=== Exercise data ===
* * * * *
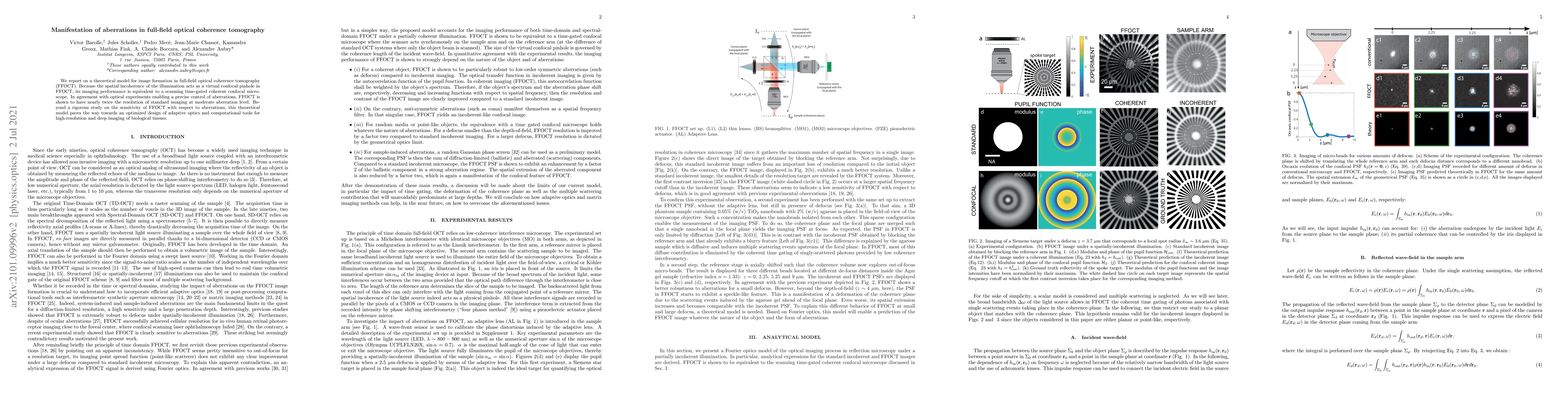 This paper presents a theoretical model for full-field optical coherence tomography (FFOCT), demonstrating its equivalent imaging performance to a scanning time-gated coherent confocal microscope. The study reveals FFOCT's nearly double resolution compared to standard imaging under moderate aberrations, paving the way for adaptive optics and computational tools for high-resolution deep imaging of biological tissues.
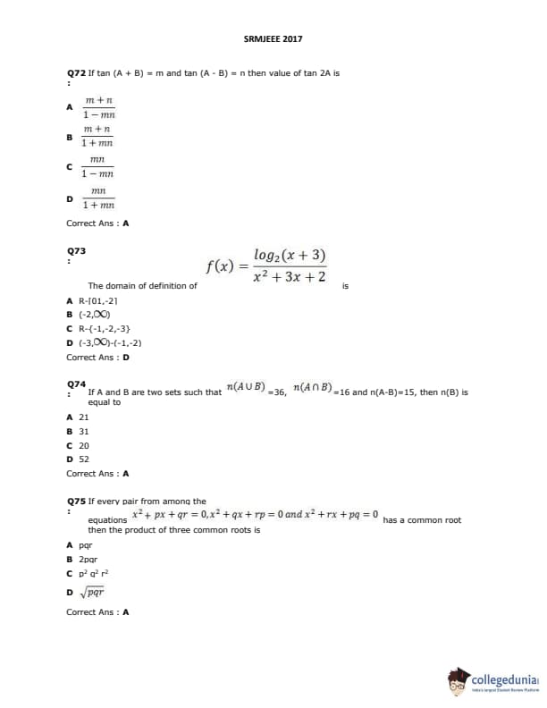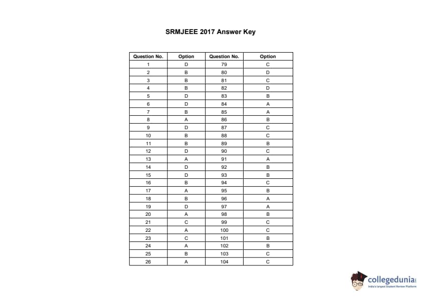 | SRMJEEE 2017 Question Paper PDF | SRMJEEE 2017 Answer Key PDF |
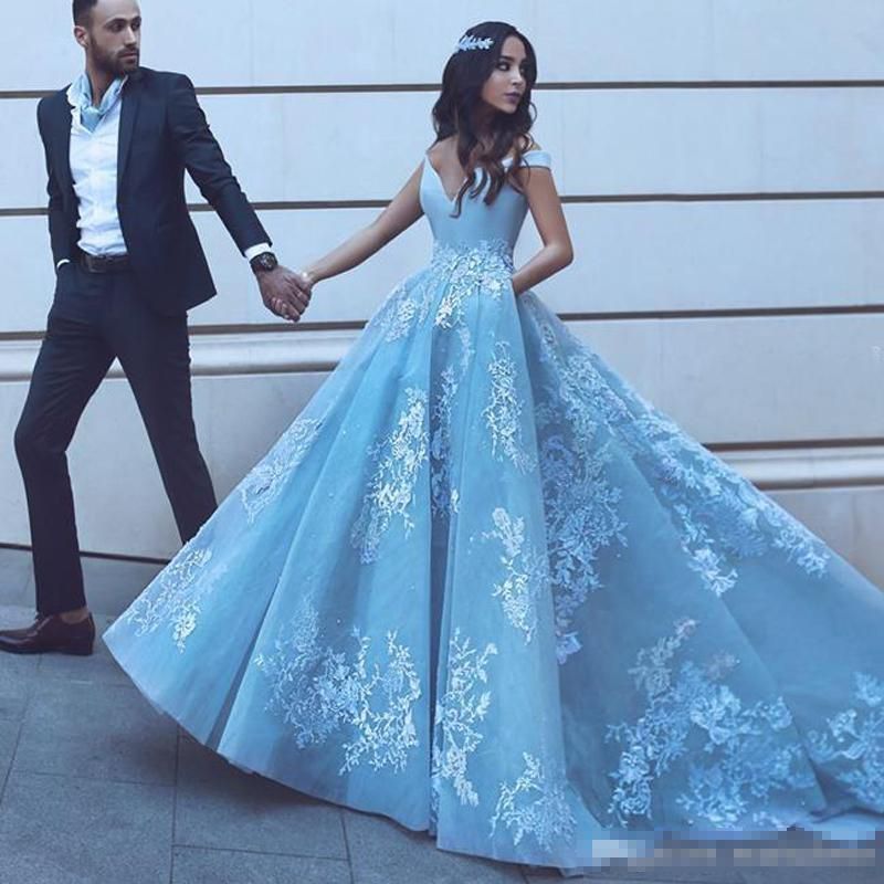 Off The Shoulder Lace Appliques Prom Dresses Baby Blue Cheap
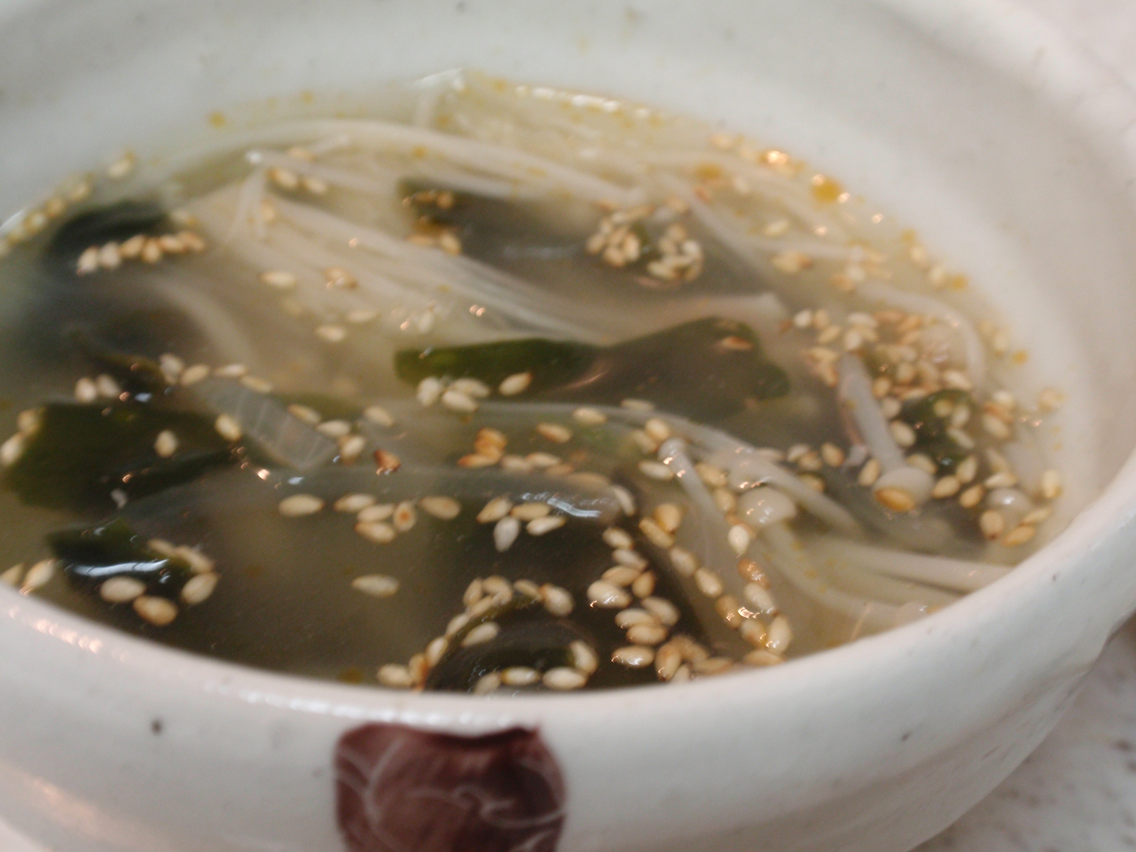 残り物の玉ねぎとエノキと乾燥ワカメで即席中華スープを添えて。
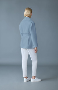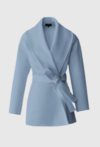 TYRA is a double-face wool wrap jacket with a robe silhouette and shawl collar. Expertly handmade and tailored to a relaxed fit, a sustainable leather and wool sash belt details the drop shoulder tie-front style. Ultra soft and unlined for a fluid drape. Modern and chic, a new classic to pair with everything. DETAILS - Double-face wool robe jacket - Handmade tailoring - Shawl collar - Tie-front silhouette - Drop shoulders - Sustainable leather and wool sash belt - Tonal belt loops - Welt waist pockets - Side slits - Unlined for fluid drape - Relaxed fit for on-the-go comfort SIZE & FIT - RELAXED – Loose fit for on the go comfort. - Designed to be worn with heavier layers. - The model is 5'11" (180 cm) and wears a size XS. - Length from shoulder to hem: 30'' / 76 cm. COMPOSITION & CARE - Shell: 100% wool. Combo Shell 1: 100% lamb leather. - Dry clean by leather specialist using oil based solvent only. Do not use perchloroethylene.
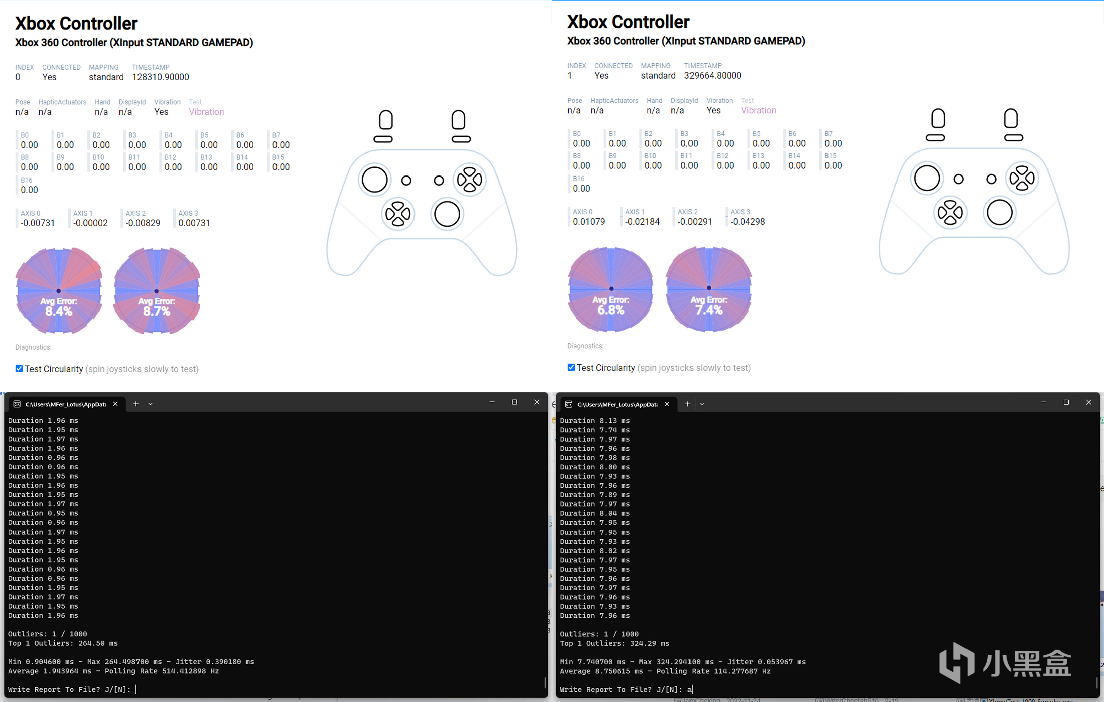 至於其他參數,姑且測試了一下:黑武士3 PRO的2.4G接收器和插線模式均能達到500Hz以上回報率,藍牙模式則是80Hz左右(畢竟是藍牙嘛)。搖桿測試,默認0死區,左右搖桿平均誤差8%左右,整體覆蓋偏方形。也順便測試了一下XSX的數據:使用官方接收器情況下,平均誤差7%左右,整體覆蓋比黑武士更圓一點,但回報率只有120Hz左右,藍牙模式不想測。
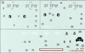 The kit makers all got on the bandwagon and as soon as the first images of these planes were published, there were kits in the works. Unfortunately, the shape of the F-117 is a bit elusive and so those early kits were not exactly accurate. However, accuracy wasn't relevant at the time as there was a demand to fill so they did the best they could. I'm not sure just where this Airfix kit fits into the mix of things in terms of accuracy. I do know that the kit was produced while the F-117s were attached to the 37th FW, then based at Tonopah, Nevada (Area 51). This was before their move to Holloman AFB and the 49th FW, where they have been based ever since.
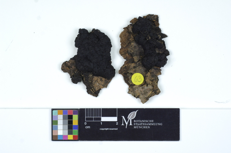 Fruchtkörper: Stroma auf der Oberfläche des Holzes, die es in weiter Ausdehnung schwärzt, mehr oder weniger ausgebreitet, ziemlich dick, meist streifenartig langgestreckt, oft unregelmässig und unterbrochen, braun glanzlos, mitunter grau bereift, scheinbar aus den mehr oder weniger dichtstehenden Perithecien gebildet. Diese sind ziemlich gross, kugelig, am Scheitel abgerundet, frei mit kleiner Papille versehen, meist zu zwei bis sechs zu kleinen Gruppen vereinigt, seltener ganz einzeln stehend.
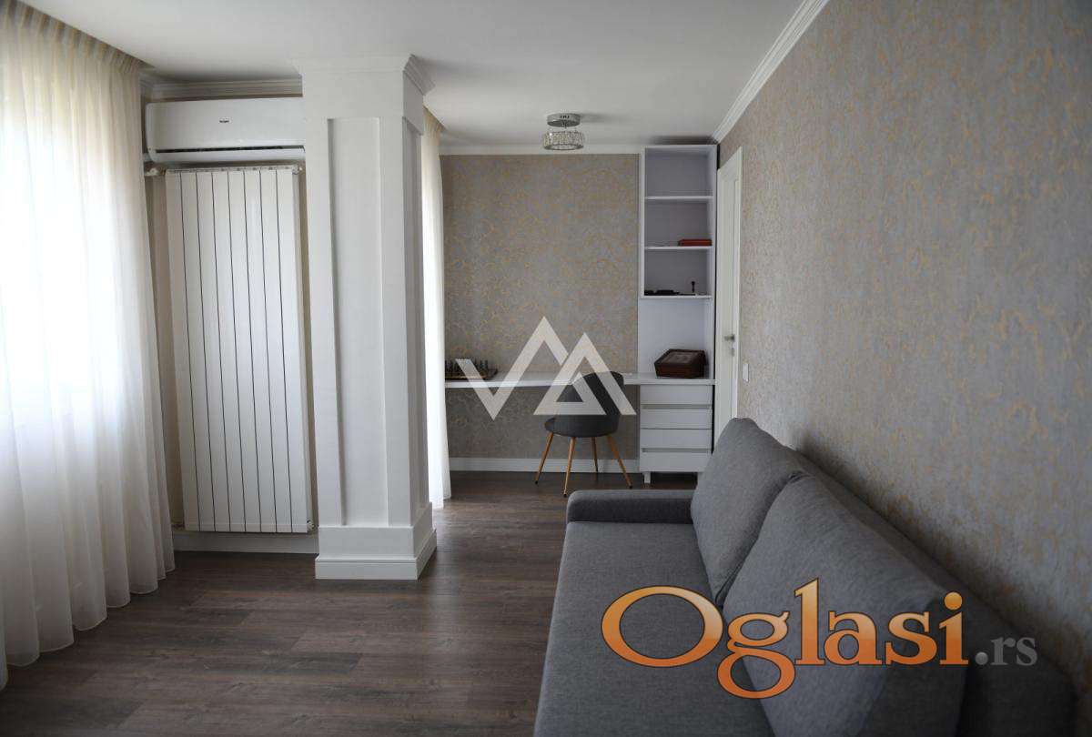 Stan je dvostrano orijentisan, što obezbeđuje odličnu prirodnu osvetljenost i prijatnu ventilaciju tokom celog dana. Kompletno je renoviran “u fulu”, sa pažljivo biranim materijalima i modernim nameštajem, pružajući visok nivo komfora i estetike.
* * * * *
=== What you have to do ===
Without the pictures, repeat the entries above line by line, from the first through the one that contains "TYRA is a double-face", both ends included.

=== Output of the exercise ===
 This paper presents a theoretical model for full-field optical coherence tomography (FFOCT), demonstrating its equivalent imaging performance to a scanning time-gated coherent confocal microscope. The study reveals FFOCT's nearly double resolution compared to standard imaging under moderate aberrations, paving the way for adaptive optics and computational tools for high-resolution deep imaging of biological tissues.
 | SRMJEEE 2017 Question Paper PDF | SRMJEEE 2017 Answer Key PDF |
 Off The Shoulder Lace Appliques Prom Dresses Baby Blue Cheap
 残り物の玉ねぎとエノキと乾燥ワカメで即席中華スープを添えて。
 TYRA is a double-face wool wrap jacket with a robe silhouette and shawl collar. Expertly handmade and tailored to a relaxed fit, a sustainable leather and wool sash belt details the drop shoulder tie-front style. Ultra soft and unlined for a fluid drape. Modern and chic, a new classic to pair with everything. DETAILS - Double-face wool robe jacket - Handmade tailoring - Shawl collar - Tie-front silhouette - Drop shoulders - Sustainable leather and wool sash belt - Tonal belt loops - Welt waist pockets - Side slits - Unlined for fluid drape - Relaxed fit for on-the-go comfort SIZE & FIT - RELAXED – Loose fit for on the go comfort. - Designed to be worn with heavier layers. - The model is 5'11" (180 cm) and wears a size XS. - Length from shoulder to hem: 30'' / 76 cm. COMPOSITION & CARE - Shell: 100% wool. Combo Shell 1: 100% lamb leather. - Dry clean by leather specialist using oil based solvent only. Do not use perchloroethylene.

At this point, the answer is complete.